The easiest thing to do is to form a group that shares their best verse of the week and explain it to everyone else. Then, maybe engaging is discussing what you understand from it, what you think general about it, and so on.

  • Starting a group strictly to study the Bible right away may not find a lot of members. Many won’t find it interesting enough.
  • So, pick some friends and discuss something philosophically from a verse from the Bible, and tell things you relate them to in real life.
  • You can share some experiences that help you relate whether in favor or in a debate of the verse and ask others if they think that is true and is right.
  • Engage the group! It doesn’t have to be Bible in the first week itself; it can be a one-liner from a famous movie.

Movies are the Best Way to Share Thoughts

This playlist on YouTube tells some of the Bible verses that made into movies. One of the ways to inspire a young generation is to use them in the media and tell a story to emphasize it or, for example, Hacksaw Ridge, where the power of the Bible shines the light.

  • There are tons of movies, but a handful of them are so inspirational that starting a Bible study group would be a lot easier. Watching them gives meaning to the lines written in black over a white paper.
  • These are different from documentaries or movies that are on the Bible or Lord Jesus; theosophical in nature, but these are stories that relate a verse or a quote from the sacred book to a real-life truth.
  • This makes a greater impact for discussion, when you are discussing what you saw in the movie, you are also discussing with the group a famous Bible verse.

Start Slowly with One Passage at a Time

When you are leading a study group, the study goes verse-by-verse but takes some time to divide the book into sections and combine them. Such that your group completes the whole passage all the way through.

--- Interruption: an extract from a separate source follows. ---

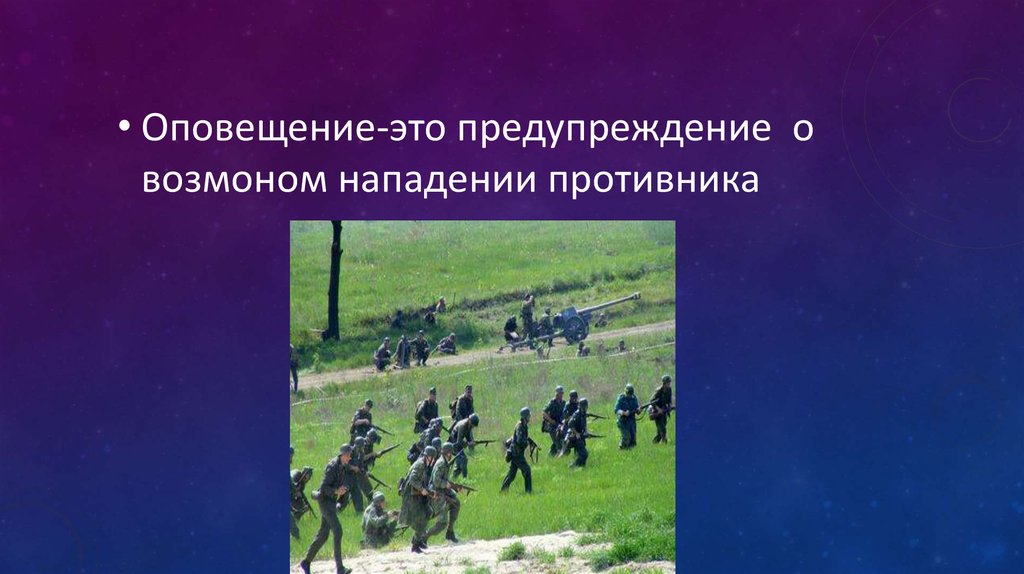 • - об yгpозе нападения противника;• о приведении в различные степени готовности системы

  • Dividing the passage into sections of 4 to 10 verses and dividing them with the members, each with some of it is a wonderful idea.
  • While Paul’s letters or Jesus’s teaching require less text, decide ahead of time how much you want to give to how many.
  • Then, keep Q & A sessions, discussion time, and talk about the things you read. Talk about a change in reading the Bible brought in your life last week.
  • Continue this henceforth and combine ideas from above now and then.

Tips

  • Starting a Bible study group online is a great way and initiating a group chat or texting individually is quite useful. Then, take it to physical meetings.
  • Discussing something you are going through and topics like “faith”, “Bible”, even questions like “Is God watching over us” are astounding discussion topics.
  • Topics of discussion help find minds and individuals that like talking on the same topics and that can form the basis of starting your Bible study group.